The interest for dividend stocks is a result of a change in the investing environment. Conventional passive growth stock has betrayed investors. Between 2000 and 2009 investors were significantly affected. NASDAQ growth stock index generated losses of 44.5%.


It is widely believed that with dividend stocks investors should not worry at all about short-term losses. However, that is not completely true in the real word. Loss of capital market may not allow investors to fund their retirement and may make them use all their income.


For years, investors believed in the conventional portfolio construction theory according to which asset diversification reduced risk to such extent that enabled investors to buy and hold. However, the theory became obsolete given investors experience, which showed that things are the other way about.


It is necessary to remember that investment approaches are not only applicable in good market cycles. They must work in bad ones too.


It is time for investors to focus on evidence that dividend stocks are paramount. They have to be the basis of every portfolio. Growth stocks should be set aside.
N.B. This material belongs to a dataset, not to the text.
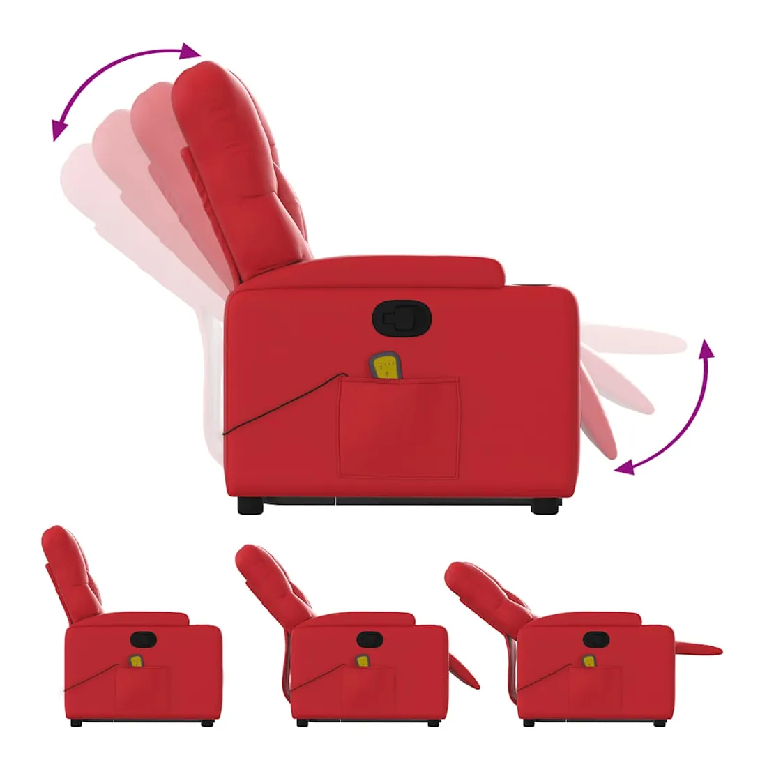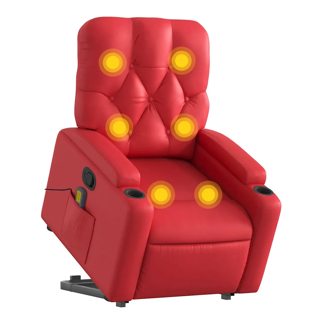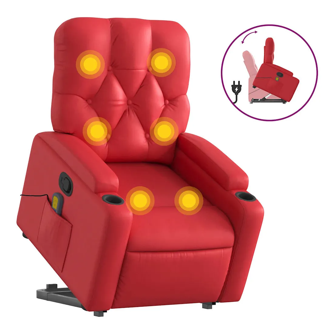 Asseyez-vous et détendez-vous dans ce fauteuil inclinable de massage très confortable ! Fonction de levage électrique : ce fauteuil inclinable pour personnes âgées est équipé d'un moteur électrique pour la fonction de levage. Grâce à la fonction qui pousse toute la chaise vers le haut, vous pouvez facilement vous tenir debout sans stresser votre dos et vos genoux en appuyant simplement sur le bouton.Fonction d'inclinaison manuelle : ce fauteuil inclinable est doté d'une poignée du côté droit. Vous pouvez régler manuellement le repose-pieds et le dossier dans n'importe quelle position selon votre confort en tirant simplement sur la poignée. Cette fonction permet une inclinaison maximale de 135 degrés. De plus, le dossier peut revenir rapidement à sa position d'origine en tirant simplement sur la poignée.Fonction de vibration : les 6 points de massage vous permettent de faire l'expérience d'un massage mieux ciblé. De plus, la télécommande incluse vous permet de choisir différents programmes de massage. La fonction de massage est alimentée par le connecteur USB qui nécessite une source d'alimentation USB certifiée de 5 V (non fournie).Expérience de siège confortable : le siège, le dossier et les larges accoudoirs rembourrés épais recouverts de similicuir procurent une sensation confortable, vous faisant vous sentir enlacé lorsque vous êtes assis. Le similicuir est un matériau très résistant. Il est résistant aux taches, ce qui le rend facile à nettoyer avec un chiffon humide. La surface lisse donne également un aspect luxueux et la beauté du cuir véritable.Poche latérale pratique : ce fauteuil est doté d'une poche latérale pour ranger votre télécommande ou garder vos objets essentiels à portée de main.Cadre solide et stable : le cadre en bois et en métal offre une structure solide et une grande stabilité. Ce fauteuil inclinable est confortable et durable.

There are three fundamentals for investing in dividend stocks and they are the following:


1. Dividends do not cause high risks;


2. Dividends bring better returns to investors in favorable situations; and


3. Dividends boost positive results even when the market situation is not good.
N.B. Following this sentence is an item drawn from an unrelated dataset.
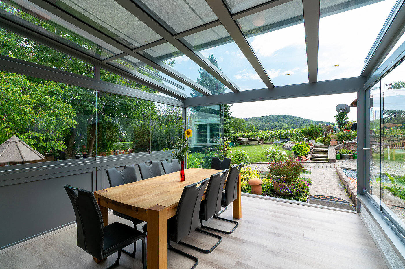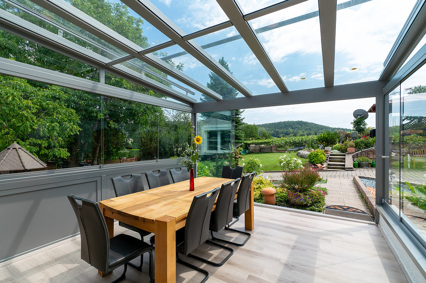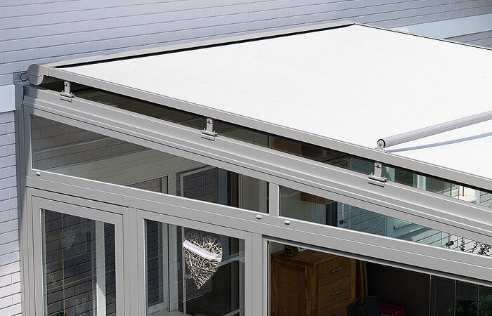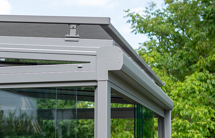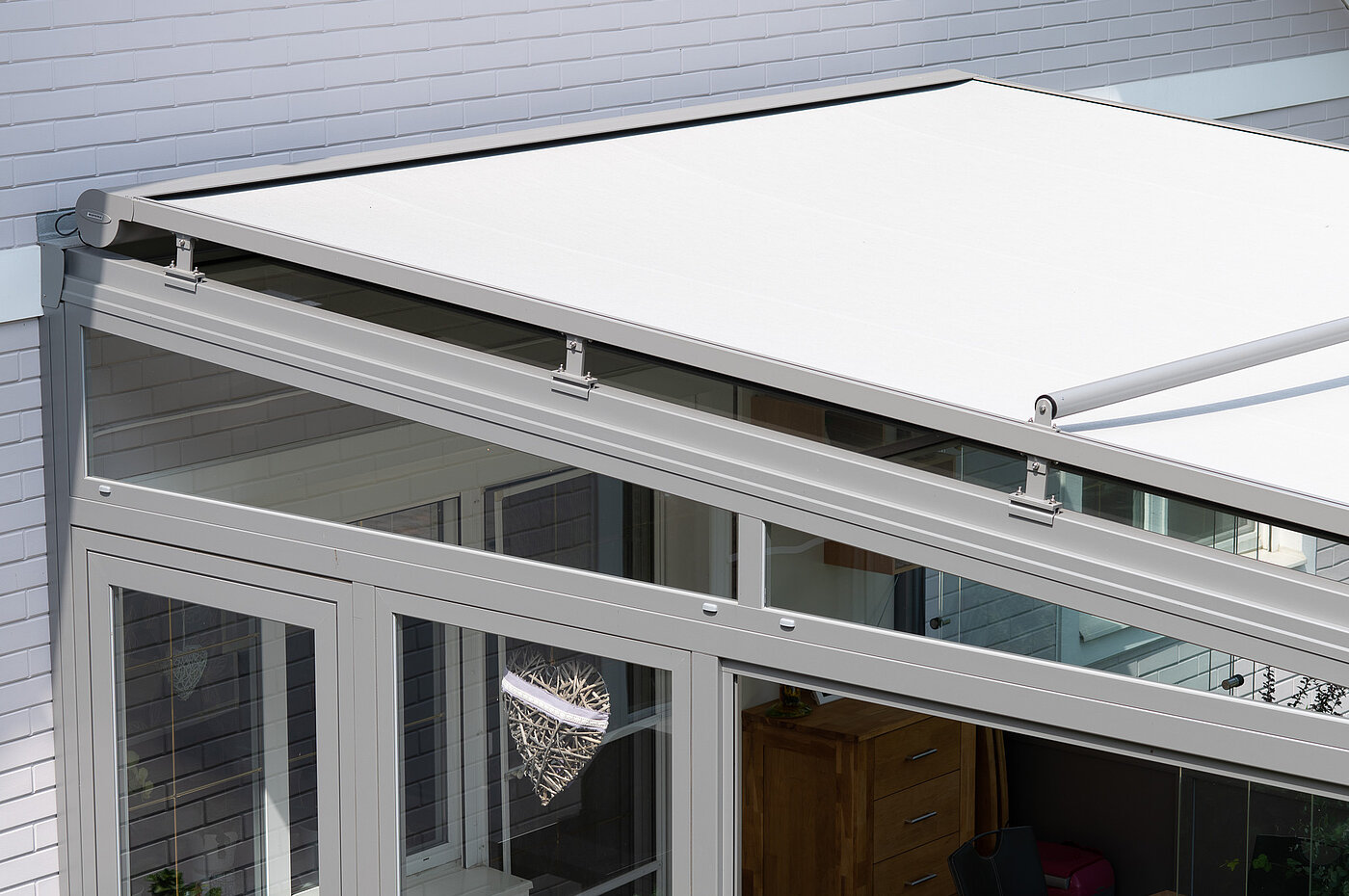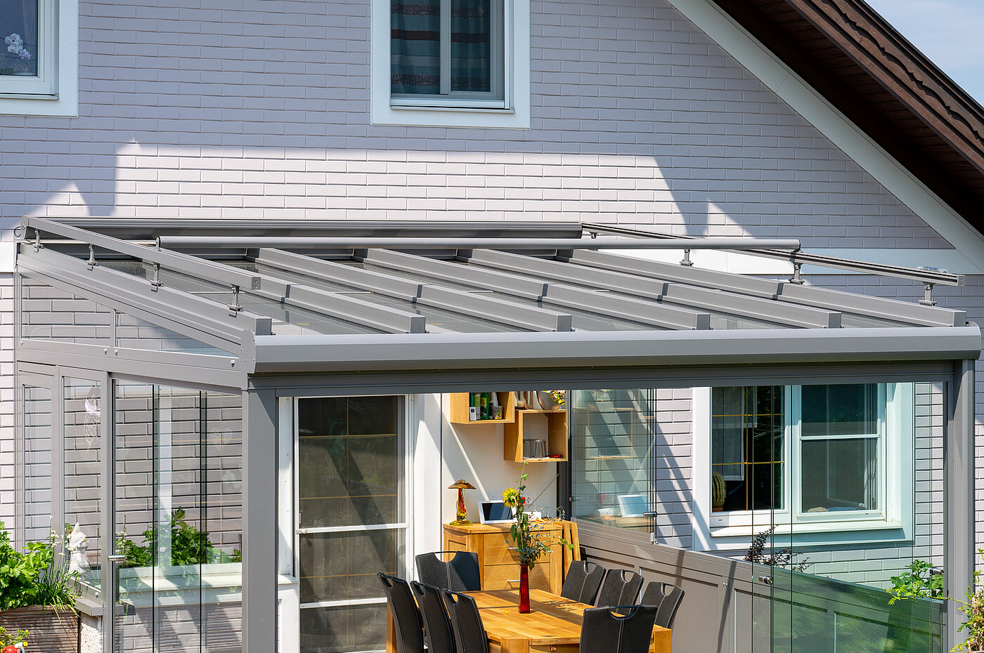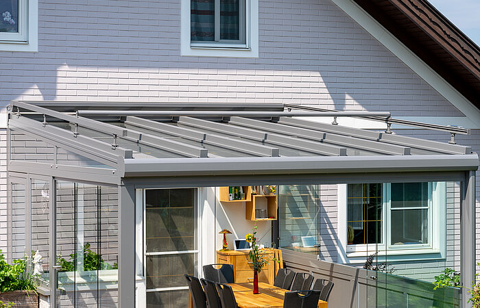 Die hochwertige Außenbeschattung auf dem Glasdach lässt die heiße Luft

Evidence about the results of dividend stocks can be traced back to the 1990s. At that time, investors who focused on dividend-paying stocks performed significantly well. They received high returns with the appreciation of prices and dividends proved to be profitable.


These same investors also found positive results between 2000 and 2002 with the bear market and in 2008 with the financial crisis. They do not lose everything as they would have had, should they have invested in growth stocks.


The cash flow return generated by dividends enabled them to keep on track and provided support to meet their goals.


An important issue about dividends is that investors do not have to pay high tax rates. The Hobs and Growth Tax Relief Reconciliation Act (2003) levies 5 or 15 percent depending on their income. Now, there are those who are pressing to increase the tax rate.


There are three important issues that are true about investing:


1. Most investors are concerned with the safety of their capital and have a low tolerance for volatility. This may cause panic and may make them turn to bailouts when they should not do so.




2. Investors should have an investment method by means of which they can manage the stock-related risks at the same time they receive profits. This will definitely do away with panic and bailout.




3. Dividend stocks provide cash flow and inflation protection. Investors should be able to combine them to remain in a steady position, create returns and achieve their goals.




The general consideration is that investors should be rewarded as they have to wait till stock prices appreciate and their capital remains in guard. The capital is the basis for growth or income.


Investors should have an investment program focusing on dividends and the company´s ability to build those dividends. Dividend investing is the cornerstone of investors’ wealth in time regardless of whether the market is good or bad.